Oh, wait… is this post a joke? =)
I find the use of the word “play” in this context interesting. I think I tend to be a serious person, although I appreciate some comedy. Certainly I played as a kid, and now I enjoy watching the fun behavior of my pets. As a child I enjoyed such publications as MAD Magazine; today I prefer the humor of Mark Twain. I can rarely find anything funny in comedy programs on television, although I do take guilty pleasure from Adam Sandler movies. Sometimes I am in no mood for drama; lightening up can be charming.
Sense of humor varies not just by gender, but by age and other characteristics, and it even may be so individual that no generalizations can be made. I think there are very few people who have no sense of humor, but whether we share a senses of humor is the question. There is a fine line between upbeat/clever/funny and offensive/tacky/cruel, and it can be very hard to navigate.

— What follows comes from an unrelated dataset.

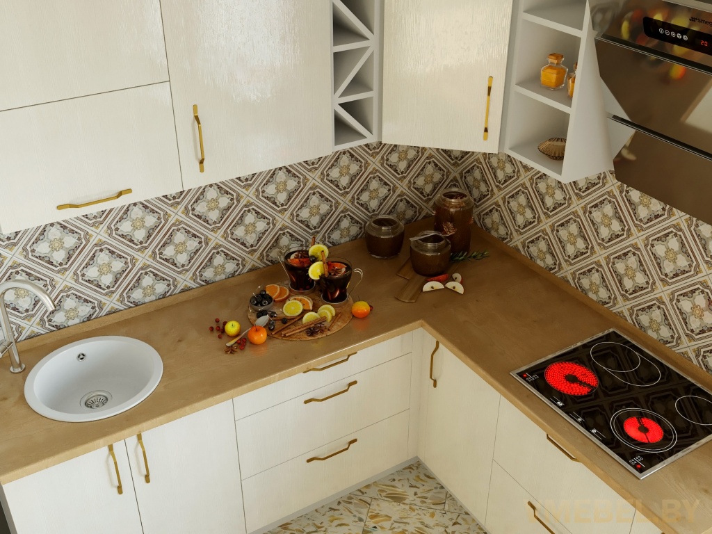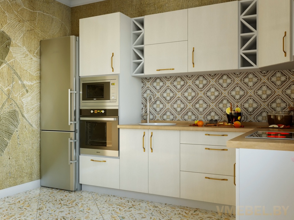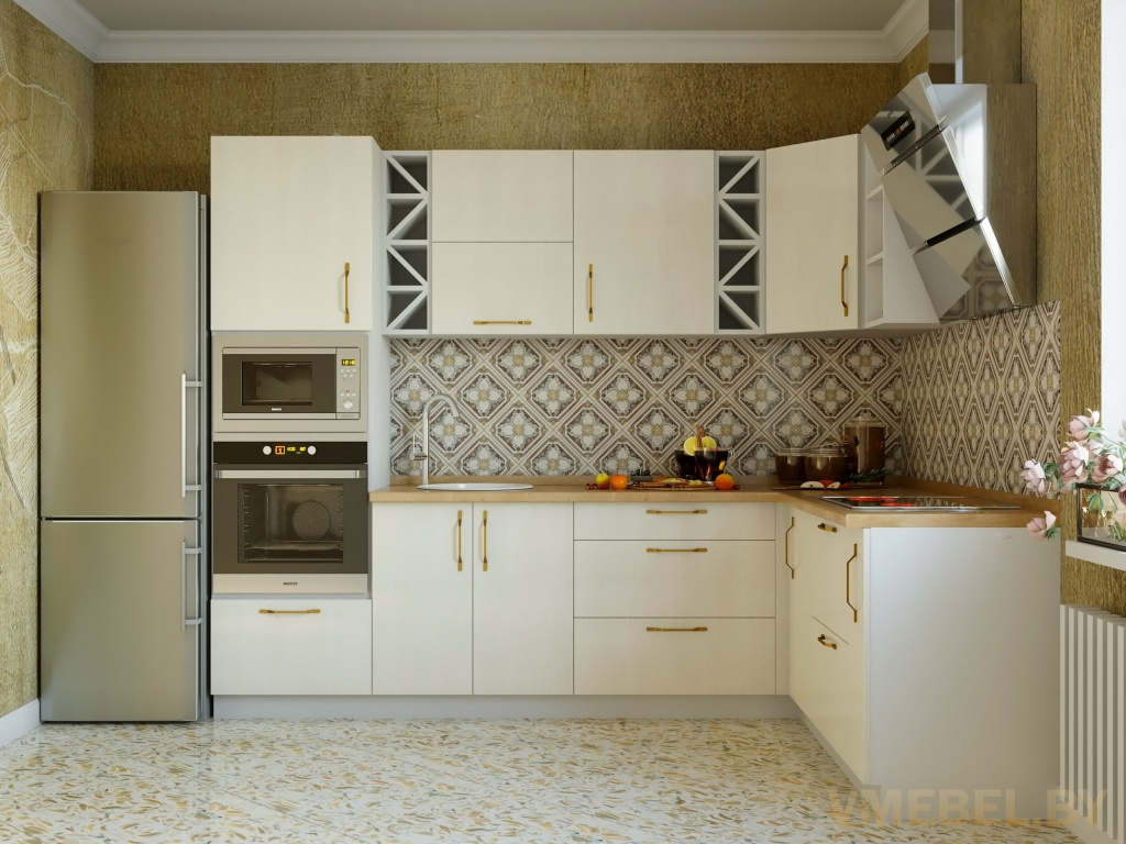 Основные Длина кухни: 260см+180см Конструкция кухни: линейная/угловая Материал каркаса: ЛДСП Эггер Белый базовый 18мм W908 SM Тип фасада: прямой Материал верхних фасадов: Egger файнлайн крем Материал нижних фасадов: Egger файнлайн крем Столешница: отдельная на каждый шкаф либо цельная на каждый участок Материал столешницы: Plattan (38 мм) 3259 Дуб французский (влагозащитная ДСП EGGER с каплеуловителем) Направляющие: шариковые направляющие полного выдвижения с доводчиками GTV Versalite Петли: Петля накладная с доводчиком GTV PRESTIGE Навесы: Крепление верхних ящиков к стене на регулируемые навесы на монтажную планку, монтажная планка в комплекте Крепление петель к боковине: на евровинтах Конструкция задней стенки: премиум (задняя стенка ящиков вставляется в фрезеруемый в паз) Цоколь: Белый H-100 L-3000 (4 заглушки, 1 угол внутренний) - 2 штуки Сушка: белая стандарт Ручка: UZ-FLAVIO -160 мм золото, база 160 мм (14 штук)

Another source of the difficulty is the nature of electronic publication, with its potential for linking and communication. Something about the email, ediscussion and ejournal world seems so serious. When MAD Magazine didn’t seem amusing, I stopped buying it. When Saturday Night Live is tiresome, I turn of the television. When Mark Twain is too heavy, I return the book to the shelf (this last one never happens). Maybe the best lesson here is, don’t bother to click the link.

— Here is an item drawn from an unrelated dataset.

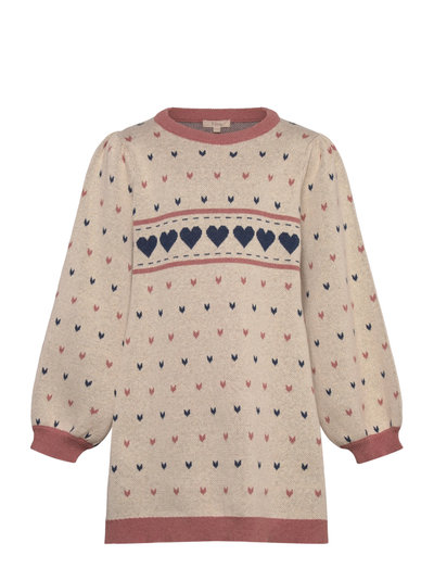 Denne strikkede kjole har et charmerende jacquardmønster med hjerter og en blød og behagelig kvalitet. Den er designet med en klassisk rund hals og stilfulde ballonærmer, der samles ved de ribbede manchetter. Knælængden gør den perfekt til hverdagsbrug.

I don’t know any of the bloggers involved here, but this is an interesting question. (Even if it is giving me Carol Gilligan flashbacks. 😉 When I play, I think, it’s mostly intellectual or imaginative rather than physical, and it’s often an individual rather than a communal activity. It’s seldom based around direct conflict, though, and it’s also unlikely to be the ritualized exchange of insults with which certain of my male family members and friends like to greet one another. But I wonder if we shouldn’t define “play”? What’s “play” to one person is deadly earnest to another, which is where the problems come in.
More about Sexism
There’s more discussion going on about sexism in the “blog world” – as if it’s any different than the real
No, my post wasn’t a joke. I was terribly serious. And Frank, your response is so wonderfully heartfelt and humane. These days I find myself more tolerant of some things and less of others. I sense Chris’ pain and loneliness and am often moved by his struggle to keep it all from defeating him. But I am intolerant of his disregard of the feeling and sensibilities of others.
I wonder how each of us WOULD define “play.” I suspect it IS different for each of us. Maybe it’s easier to define what “playful” means. Not serious? Relaxed and silly? Activity without a conscious goal? Unfettered by rules and expectations?
One day we may learn that dualities don’t follow each other. Play/Work, Play/Responsbility, Play/Fight, Old/Young, Tall/Short, Male/Female etc. etc. etc.
It’s a surprise to find such an egregious piece of genderism here.
Men are taller than women. Only on average and there are women taller than some men, and men who are shorter than some women.
See if you can deal with the group of individuals you describe as just that, and please leave the rest of us out of it? We’d rather be dealt with for who we are, rather than for the genitals we carry.